Being as my wife and I are Canadian and she came over as a student and we know a bunch of other students we met here I think I can help you out.

Salaries are generally $18/hour and up. Of course it all depends on what you're doing but minimum wage once you are past 18 years old is $18/hour if I'm not mistaken (if that's not right then at least it's in the ballpark).

My wife as a registered hair dresser got a part time job at a hair product retail store. She was a sales associate and started at $20/hour. Also if you work on Sundays (and generally public holidays) your pay increases by 20% or more.

Many of our friends got work at restaurants, either in the kitchen or serving. So if you have experience there then you should be fine as there are thousands of places to look at.
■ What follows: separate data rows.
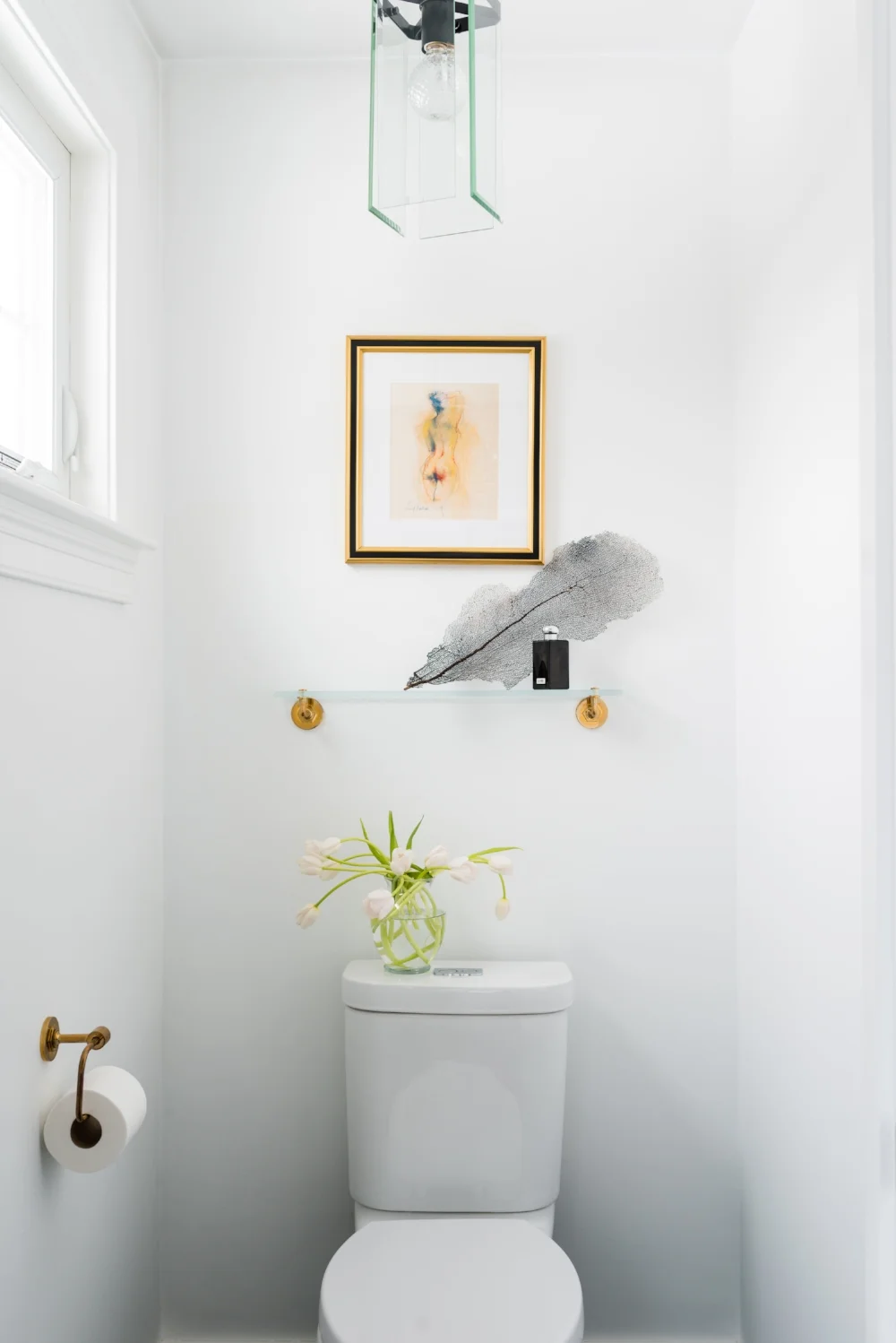 “White walls allow for light to sparkle and bounce off the reflective surfaces throughout the room. The chandelier creates my own little rainbow show at the end of a long day”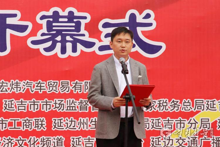 개막식에서 연변굉위자동차무역성 리사장 리위굉이 축사를 하고 있다.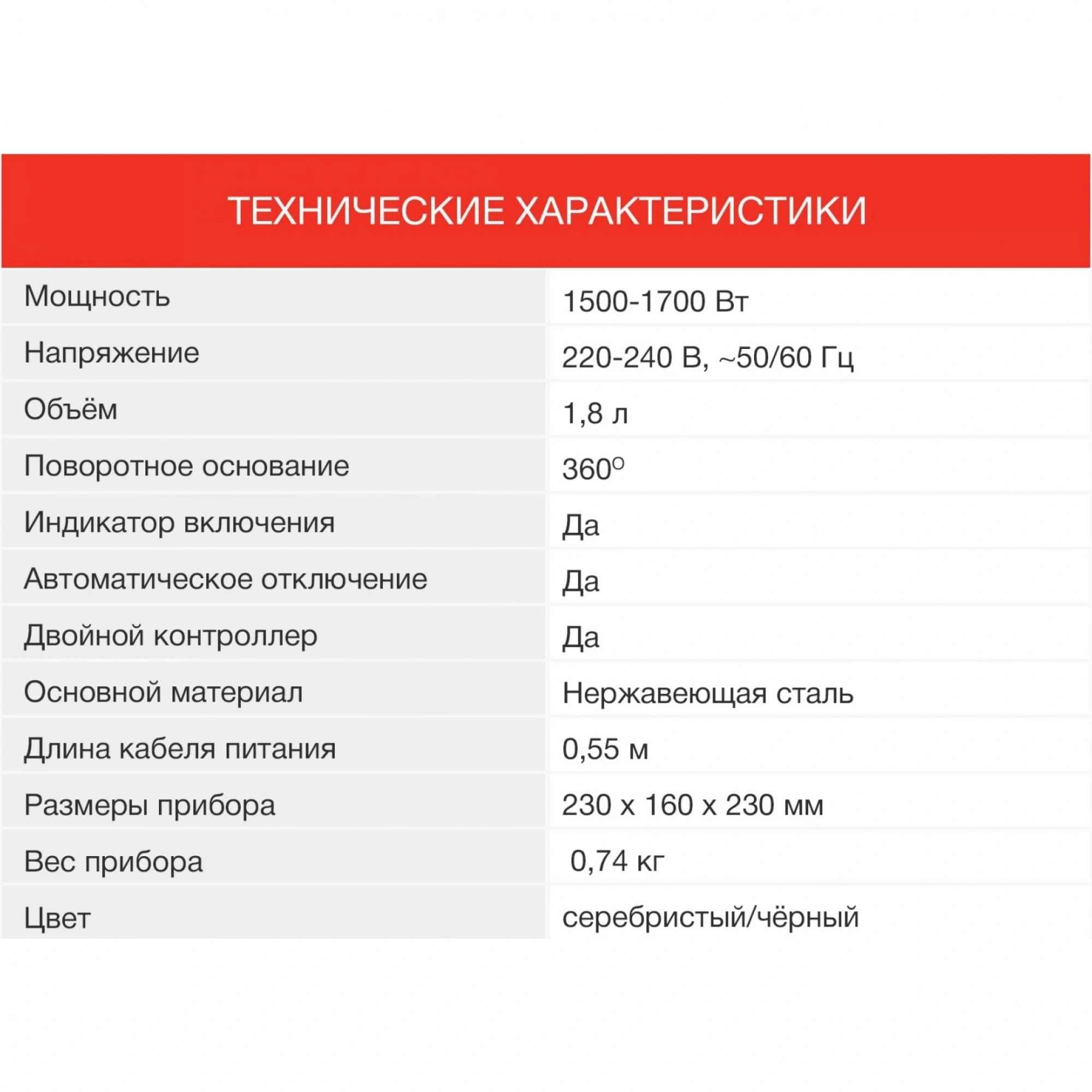С весом всего 0,74 кг, этот чайник отличается легкостью и удобством в использовании. Благодаря скрытому нагревательному элементу, вода в чайнике быстро нагревается, а мощность 1700 Вт обеспечивает эффективную работу прибора. Объем 1,8 литра позволяет закипятить достаточное количество воды для приготовления чая, кофе или других горячих напитков для всей семьи или небольшой компании друзей.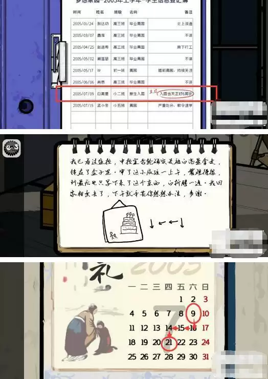 2、根据档案柜中的信息知道白高星的生日是07-09,再根据他的箭头提示在日历上找出密码箱的答案是:0721。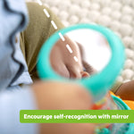 - Encourage self-recognition with the surprise mirror on the bottom of the toy; teach cause-and-effect when baby rotates and shakes the toy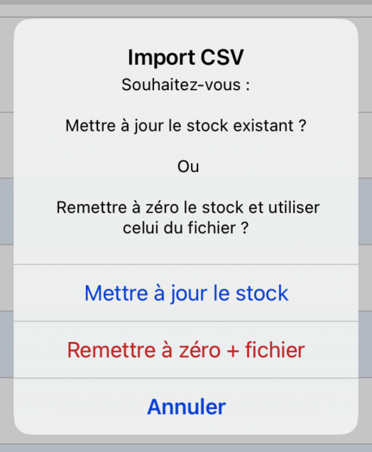 Avant de lancer l’import, un choix est obligatoire pour savoir comment traiter votre stock :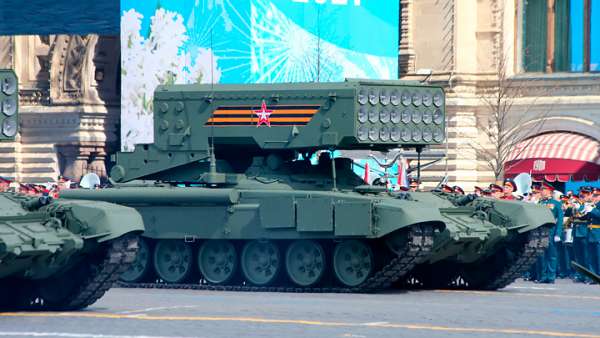 Проедут по Красной площади и машины знаменитой тяжёлой огнемётной системы залпового огня ТОС-1А "Солнцепёк". Известными они стали тем, что являются модификацией ТОС-1 "Буратино", настолько до судорог напугавшей неонацистский генералитет Украины в Донбассе, что он присвоил им название "Чебурашка". Но настоящую славу им принесли войсковые испытания в Сирии, где они показали себя весьма эффективным – и более чем эффектным! – средством уничтожения убежищ и командных пунктов террористов. Ещё бы – когда термобарический боеприпас создаёт облако взрывоопасной смеси, которая затем подрывается, вызывая мгновенную детонацию с выжиганием всего кислорода, резким подъёмом и столь же резким падением давления, ничто живое в таких условиях, извините за тавтологию, не выживает. Так что три человека экипажа способны за минуту уничтожить батальон в его укрытиях (площадь поражения 40 тыс. кв. м) и на расстоянии до 6 км!

Also there are labour hire recruitment companies most all over the place. I'm currently working for one myself and am on call for a couple of food production factories. It's shift work and you start out with only a shift or 2 a week but it's generally $19.50 starting and up. Also if you're working a shift past 5pm the it's generally a 20% increase in pay.

As long as you're open to all different sectors and work then you'll find work. But as a student for part time work your best bet is at restaurants and cafes if you have barrista experience.

I hope that helps.
Bryan


----------



## Gabito (Sep 30, 2010)

hmm I see. I think I will be king of kitchens  but I dont have an experince at cafes.  

But I curious that is there any job for students who know computer with word excel powerpoint etc ? Or all of I can find cafe kitchen etc as a student?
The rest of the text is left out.